He keeps asking where i got my clothes and accessories. i'm not sure if he wants to fuck me, or go shopping.
just 'accidentally' changed my relationship status to 'in an open relationship' just to see what offers I might get if I were to dump him. it's not looking good
She blew me in the back of the cab while eye of the tiger was on the radio. Top five all time automatically
they had to hand cuff you because you wouldn't stop trying to unzip the paramedic's pants...this is why i love you
Toilet is so comfy. Serious question/why does weed make every surface feel like bed?
Apparently I got mad at you for "Not drinking with me till we thought we were seahorses" and smashed my face on your door. Then I put my feet in the oven and started crying because I was drinking alcohol from a pot. My life is spinning out of control.
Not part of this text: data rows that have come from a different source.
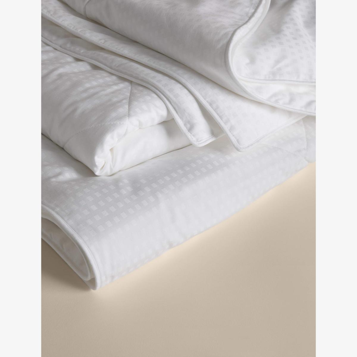 This duvet is filled with mulberry silk, prized for its sumptuous softness and natural temperature regulation. The six to seven tog weight makes it ideal for year-round use. A 300 thread count cotton cover adds a smooth, silky touch, while the diamond-stitched design ensures the silk filling stays evenly distributed for consistent comfort.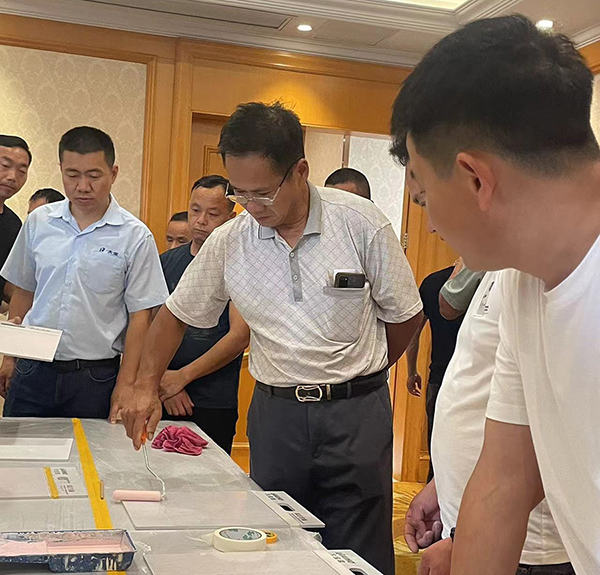技術(shù)部周微老師為大家?guī)硭囆g(shù)涂料新品工藝的培訓(xùn),大家熱情高漲,積極參與,詳細(xì)記錄了各個(gè)工序環(huán)節(jié)的注意事項(xiàng),60塊樣板全部現(xiàn)場(chǎng)制作完成。加強(qiáng)對(duì)經(jīng)銷商和施工人員的技術(shù)培訓(xùn),提高其對(duì)仿石漆的認(rèn)知和施工技能,確保產(chǎn)品應(yīng)用效果。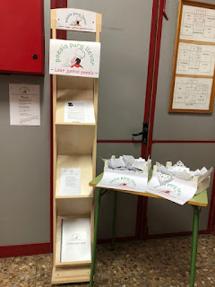 Como veis en las fotos, la Casa del Canal cuenta nada menos que con tres puntos de difusión: el tablón de anuncios exterior, el expositor del hall realizado por el alumnado de carpintería y una estantería en la biblioteca.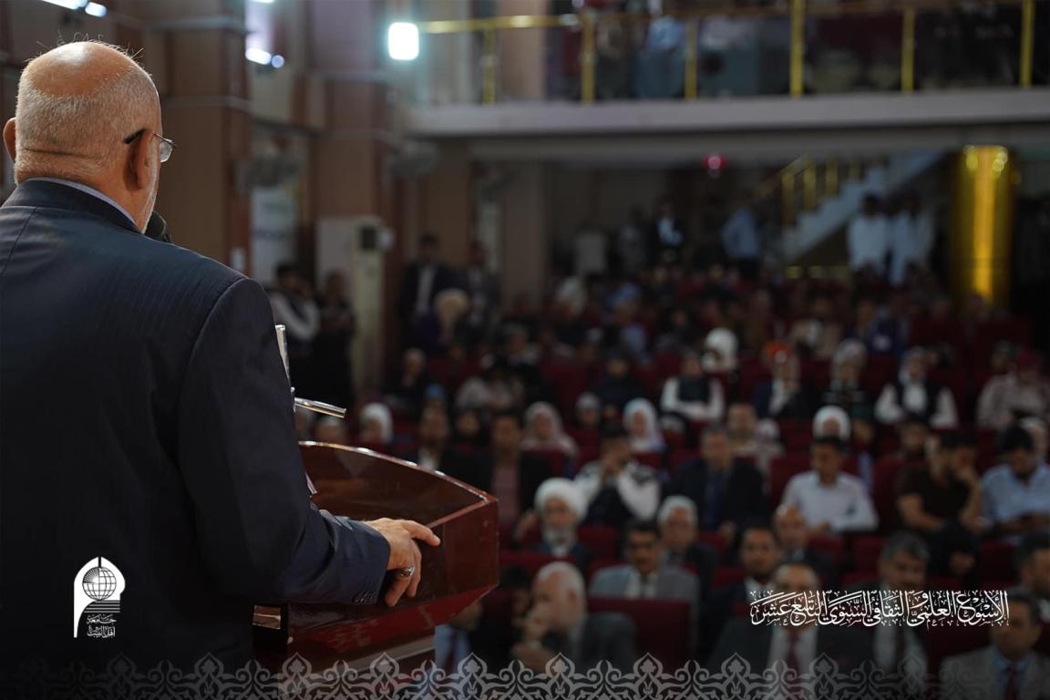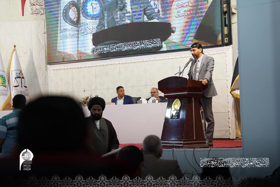 بحضور رسمي وأكاديمي انطلقت فعاليات الأسبوع الثقافي والعلمي التاسع عشر في رحاب الجامعة وتحت عنوان ( في التجارب علم مستأنف ) على القاعة المركزية الكبرى حيث افتتحت الفعاليات بقراءة ايات من الذكر الحكيم تلاها على مسامع الحضور السيد علي القزويني اعقبها الإنصات إلى النشيد الوطني العراقي وقراءة سورة الفاتحة على ارواح شهداء العراق والأمة الإسلامية لتصدح بعدها حناجر فرقة إنشاد الجامعة بنشيد جامعة أهل البيت والذي كتب كلماته ولحنه السيد صادق القزويني مدير إعلام الجامعة ليرتقي المنصة بعدها الاستاذ الدكتور حميد النجدي ليرحب بالضيوف الكرام ويعلن انطلاق فعاليات الإسبوع الثقافي والعلمي تلاه الاستاذ قاسم اليساري رئيس مجلس المحافظة الذي ألقى كلمة اشاد فيها بدور جامعة أهل البيت عليهم السلام في المجتمع ومنذ تأسيسها ليقدم بعد ذلك الأستاذ الدكتور محسن القزويني بحثه الموسوم ( في التجارب علم مستأنف) ليتم بعد ذلك عرض فيلم وثائقي عن كليات الجامعة وأقسامها منذ التأسيس عام 2004 والى يومنا هذا ليلقي بعد ذلك الدكتور فراس المسلماوي عضو لجنة التعليم العالي في مجلس النواب كلمة أشار فيها إلى دور الجامعة في دعم التطور العلمي والثقافي على كافة أصعدة التعليم العالي والبحث العلمي ليتم بعد ذلك تكريم نخبة من الحضور الكريم بدرع الجامعة وعلى رأسهم السيد حامد الموسوي مستشار معالي رئيس الوزراء والسيد علي الميالي نائب المحافظ ونخبة من عمداء الكليات في الجامعات والكليات الحكومية والأهلية ليعلن عريف الحفل المتميز منير الفتلاوي اختتام فعاليات الإفتتاح داعيا الحضور الكريم إلى حضور مراسيم رفع العلم العراقي من قبل اساتذة وطلبة كلية التربية البدنية وعلوم الرياضة ليتم بعد ذلك افتتاح المعارض العلمية والفنية لكليات وأقسام الجامعة لتبدأ بعد ذلك المؤتمرات العلمية لكليات القانون والعلوم الإسلامية والتي شارك فيها باحثون من مختلف جامعات العراق لتنتهي بهذه المؤتمرات فعاليات اليوم الأول من الإسبوع الثقافي والعلمي في الجامعة .

Do you still have "be bumpin" written on your ass in glitter pen? Who brings a glitter pen to a bar? Or pulls there ass out for that matter...
So this bar tattoo not looking that great now
Hungover in church. I can feel stained glass Jesus judging me.
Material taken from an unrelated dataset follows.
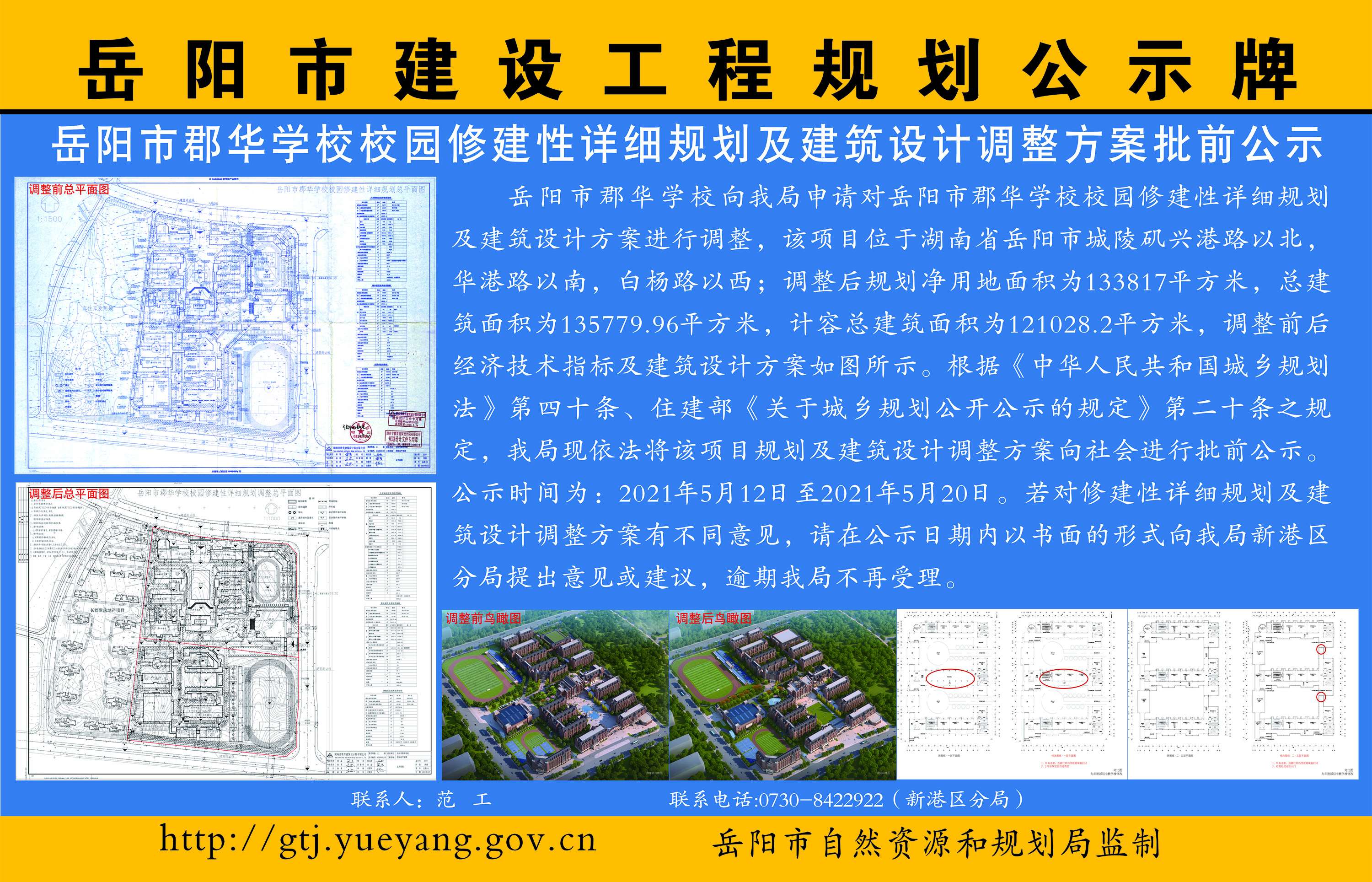 岳阳市郡华学校校园项目修建性详细规划及建筑设计调整方案批前公示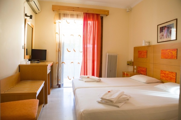 A családi vállalkozásban üzemeltetett hotel kb. 50 méterre a tengerparttól, Nidri központjában fekszik, ahol számos étterem, szupermarket, pékség, bankautomata található.

I fell asleep in the tanning bed, naked, for an hour and a half and I guess they couldn't wake me up so they called the fire department...and they came in while I was passed out naked...
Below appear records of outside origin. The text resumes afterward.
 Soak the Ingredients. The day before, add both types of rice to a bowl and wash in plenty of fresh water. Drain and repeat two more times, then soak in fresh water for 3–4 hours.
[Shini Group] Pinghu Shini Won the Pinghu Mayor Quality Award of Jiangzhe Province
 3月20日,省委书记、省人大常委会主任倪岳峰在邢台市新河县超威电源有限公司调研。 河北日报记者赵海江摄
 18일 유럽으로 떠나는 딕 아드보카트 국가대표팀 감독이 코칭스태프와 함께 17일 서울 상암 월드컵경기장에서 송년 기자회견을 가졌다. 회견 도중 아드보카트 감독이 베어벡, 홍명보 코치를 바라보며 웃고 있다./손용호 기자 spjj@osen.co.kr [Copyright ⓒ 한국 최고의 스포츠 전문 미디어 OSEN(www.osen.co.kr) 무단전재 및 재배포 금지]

I FINALLY GET TO MASTURBATE. SO EXCITED.
When do you sleep by the way. I was surprised when I went to work at 1 am,left at 7 am and had a text from you somewhere in between
I just vodka nap now...
You told the bartender at least five times that you were naming your son "Jagermeister" but you would use the bartender's name "Fernando" as his middle name. You were drunk.
Too bad I can't un-pee in his body wash
My ex just brought my grandpa weed. Not sure how I feel about this.